The Gender Gap in Coaching
by Casey Barrett
Why are there so few female head coaches?
She was the head coach of the U.S. women’s Olympic team. A group that delivered the finest performance of any women’s swim team in U.S. Olympic history. She’s the coach of the defending NCAA champion Cal Bears. She just signed Missy Franklin, the greatest recruit in the history of college swimming. It’s been a good year for Teri McKeever. She is, very arguably, the best coach of female swimmers on the planet.
She is also in lonely company. McKeever remains one of the few women leading an NCAA women’s swim team.
Of the 49 teams that scored points at last year’s women’s NCAA Championships, only eight were led by a female head coach. Two of those eight – Lea Loveless of Stanford and Christina Teuscher of Yale – are no longer the coaches of their programs this year. Both were replaced by men. This means that about 90% of the teams you can expect to see at this year’s NCAAs will be led by men.
In the water, swimming is a healthier sport for women than it is for the guys. At the college level, their teams aren’t in imminent danger of being cut, and there are 30% more scholarships to go around for the women at Division I programs. (14 for the ladies, 9.9 for the men…) At the club level, these things are a bit harder to gauge, but the girls appear to have a pretty clear majority, in terms of participation.
So, why is the inverse true on deck?

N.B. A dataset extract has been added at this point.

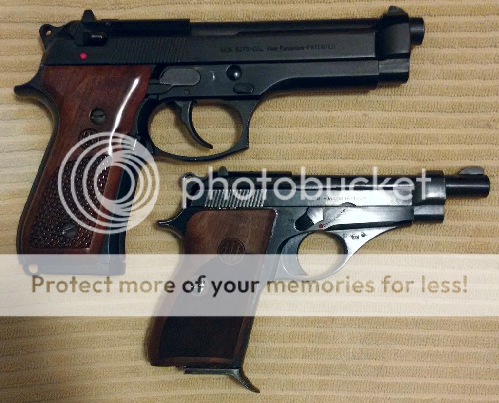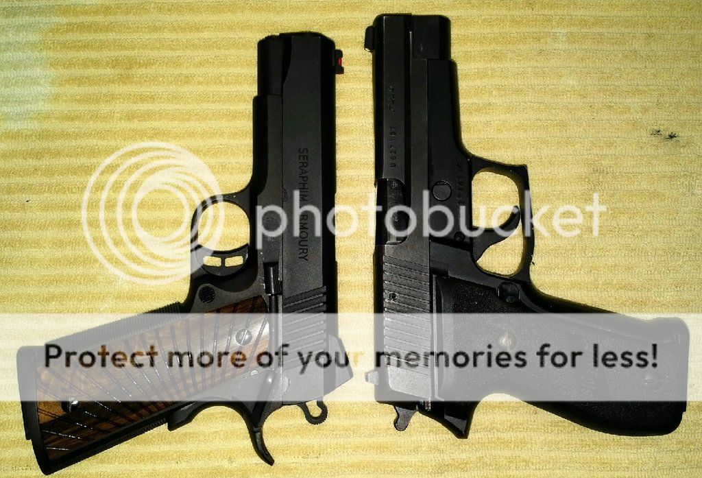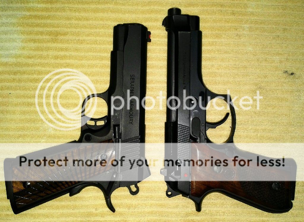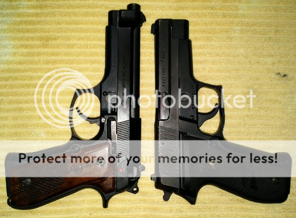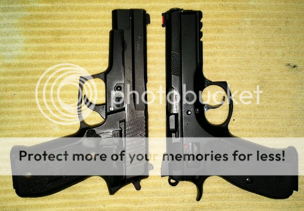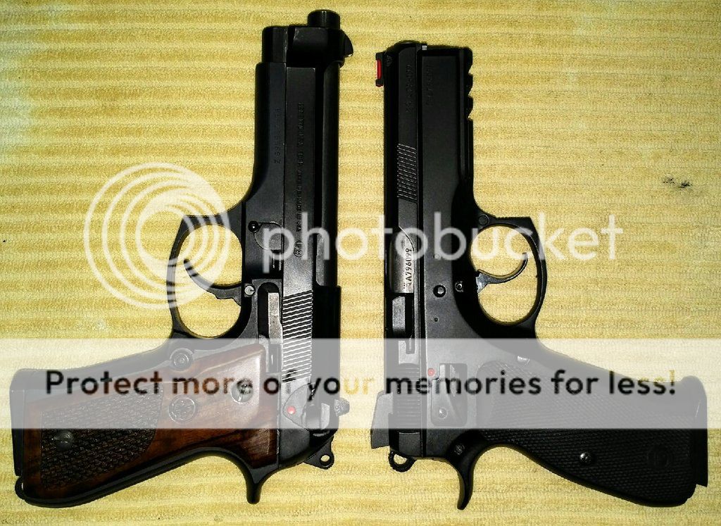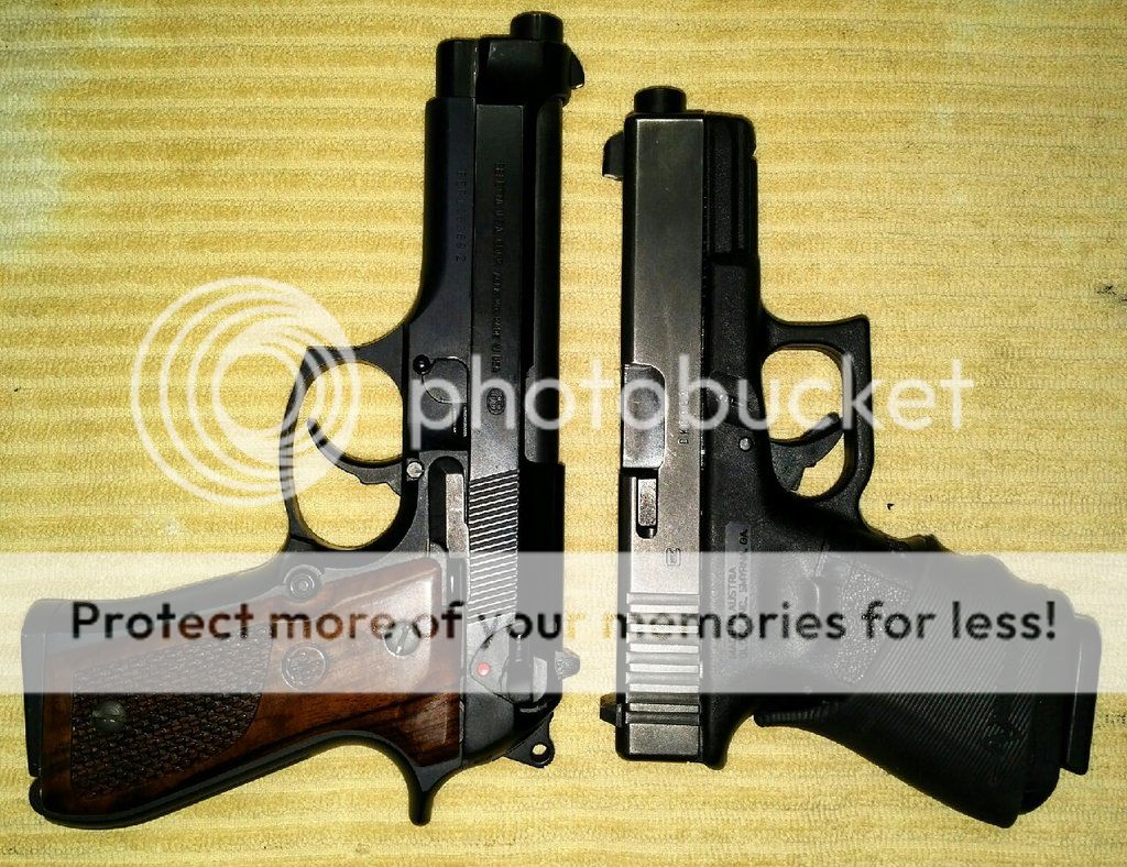 Hearing about a new (to me) gun and reading about it on the internet only goes so far, I find that I get a better impression if I can find a picture of the new gun next to a gun I'm already familiar with. So below you will find some pictures of various guns I have owned next to one another. Most of the pictures have the guns placed top-of-slide to top-of-slide, sort of mirroring one another. If I could only pick one comparative position, (which I did), in my experience this perspective has worked best for me but your mileage may vary.

Why do so few female swimmers go on to become head coaches of swim teams?
You could blame it on misogynist jock culture among athletic directors and others who do the hiring for these positions. Maybe there’s an element of that. There probably always will be. But playing that card is like playing the race card – it simplifies a complex issue by demonizing one big group.

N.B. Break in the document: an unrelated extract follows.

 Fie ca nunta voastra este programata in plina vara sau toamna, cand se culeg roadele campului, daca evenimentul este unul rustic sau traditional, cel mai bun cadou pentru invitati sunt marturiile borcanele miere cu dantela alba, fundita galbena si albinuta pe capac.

A better question is why less female swimmers seem to seek coaching careers after they hang up the goggles? It’s not just that they’re not being hired for most of the top jobs in swimming, there also appears to be a comparative lack of female candidates who want these jobs.
Here in New York City, just 20% of the teams (16 of 80) in the Metropolitan area are led by female head coaches. Our own team, the Manhattan Makos, has struggled for years to find as many former female swimmers interested in coaching as there are guys eager to offer a hand on deck. Most notably in the Metro area, Asphalt Green is led by coach Rachel Stratton-Mills. AGUA has long been one of the top clubs in the northeast, and this summer Stratton-Mills coached Lia Neal onto the U.S. Olympic team. In a recent interview with Mike Gustafson on the USA Swimming website, Stratton-Mills addressed the state of female coaches in America.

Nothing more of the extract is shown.